The advantage is that if anything ever happens to your OSX or Clover configuration its easy to remove and and play with on anther machine ... in my case i usually connect it to my laptop using a USB to SATA adapter Y cable ....
You can use the rest of the 8GB drive as an installer and recovery drive or just a small data drive ...
This method has saved me several times in the past ... these days now that HS supports 3rd party NVMe drives its not so important but if you have spare/unused SATA controller i think booting the system from a small capacity dedicated boot SDD makes good sense.
Just thought i'd share my method
Cheers
Jay
HI Jay,
I'm currently preparing my first Hackintosh, so very little knowledge...

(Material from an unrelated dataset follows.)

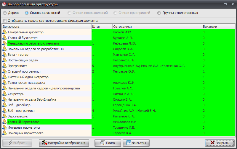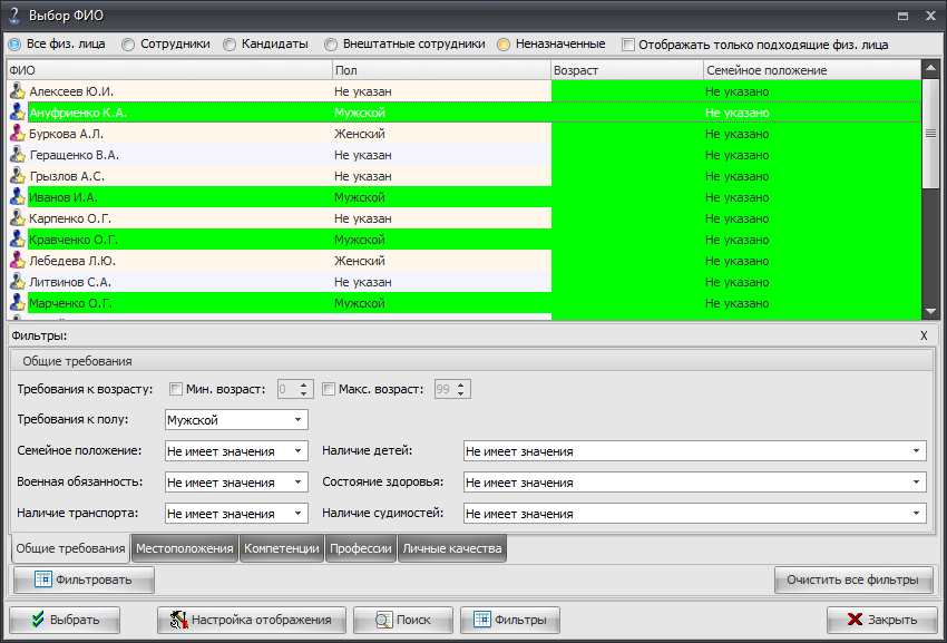 Разумеется, такой баланс достигается не всегда. В карточке на физическое лицо необходимо обозначать реальные компетенции, которыми обладает сотрудник, не подстраивая их под заранее известные требования. В таком случае при назначении физического лица на вакантную штатную единицу, программа будет выделять тех физических лиц, которые соответствуют требованиям должности, а пользователь сможет самостоятельно настроить фильтры если, например, возникнет потребность смягчить некоторые требования или изменить критерии подбора.

I intend to have two M.2 separate drives, one for OS X and the other for Win10.
I suppose I can install Win10 as if the computer was solely a Windows one. What I mean is that if I use BIOS to set the boot disk to the Windows one, it will boot directly, nothing else involved. This way my Windows would always be operational, no matter what...
For the OS X M.2 boot disk I understand that I have to use Clover anyway but I liked your idea of having Clover on a small SATA disk and boot from there to be able to choose which OS to boot with and to properly support OSX.
Unfortunately, due to the configuration for may computer I have no more SATA connections available... Can I do it based on a USB PEN (instead of small SATA Disk) permanently connected to the computer (and having the BIOS to boot from a USB device...)? I understand that might be some performance price to pay on booting but it would be and elegant and safe solution...
I already explored a lot on the site but still too much info to digest... Can you point me in the right direction?